Edgar Morin começa um de seus livros com a seguinte afirmação sobre o pensamento: “Pedimos legitimamente ao pensamento que dissipe as brumas e as trevas, que ponha ordem e clareza no real”. A forma que encontramos para afastar o caos e a incerteza é classificando as coisas, o fazemos dando nomes, criando taxonomias, sistemas solares, definindo as coisas que pertenceram a cada década do século XX, etc. No final das contas, criamos enormes coleções de tudo o que existe.
Ao mesmo tempo adquirimos uma mania pela memória, perseguimos o conhecimento de toda a grande biblioteca que criamos, contudo ficamos restritos aquilo que podemos lembrar, e memória é uma de nossas “invenções” mais esquivas.
Um subterfúgio é criar algumas convenções sobre as coisas que não queremos esquecer, ou que devemos lembrar, como é o caso dos monumentos.

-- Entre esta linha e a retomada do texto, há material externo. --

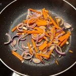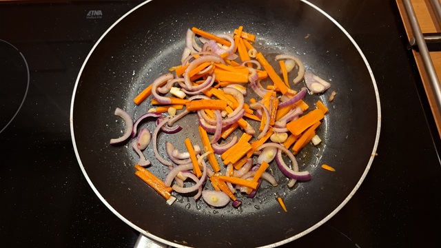 Voeg de rest van de olie toe. Zodra deze heet is voeg dan de ui en de wortel toe en bak deze tot de wortel wat zachter is geworden.

Tudo guarda um pouco de memória, às vezes pode não ser algo tão óbvio e precisemos olhar um pouco mais à esquerda ou ao fundo para entender a obra inteira, mas é certo que está ali.
Para quem mora em Belém e costuma tomar ônibus temos um exemplo bem simples, alguns deles têm em seu itinerário os bairros Águas Brancas, Águas Negras e tem também o Águas Lindas, nem um dos três é perto um do outro, o último por sinal nem fica em Belém, mas está na área metropolitana da cidade. Até para quem mora na cidade esse nomes podem soar estranho, mas isso acontece porque não se ensina nas nossas escolas que, além de seus nomes, os rios da Amazônia são divididos de acordo com suas propriedades bioquímicas em: rios de águas brancas, claras ou negras.
O famoso encontro das águas, a junção dos rios Negro e Solimões – que a partir desse ponto formam o rio Amazonas – é o encontro de um rio de águas negras, o Negro, e um rio de águas claras, o Solimões. Essa não é apenas uma classificação pela cor, ela é apenas o indicativo mais óbvio da ação de uma série de fatores biológicos, químicos e geológicos sobre os rios e, portanto, uma convenção lógica para sua classificação, algo para atuar sobre a memória, a partir disso a acionamos para desconstruir uma palavra e compreender todo um sistema, é como puxar um fio e desfazer um tapete, para depois remontá-lo.
Porém, a nossa mania criou uma situação paradoxal, quanto mais classificamos, mais difícil fica de compreender todos os sistemas de classificação, impossível até, e cada vez mais as coisas ficam longe no tempo e no espaço. A memória vai se perdendo, parecendo tão distante que quando a buscamos ela se parece com, ou quem sabe se transforma em, ficção.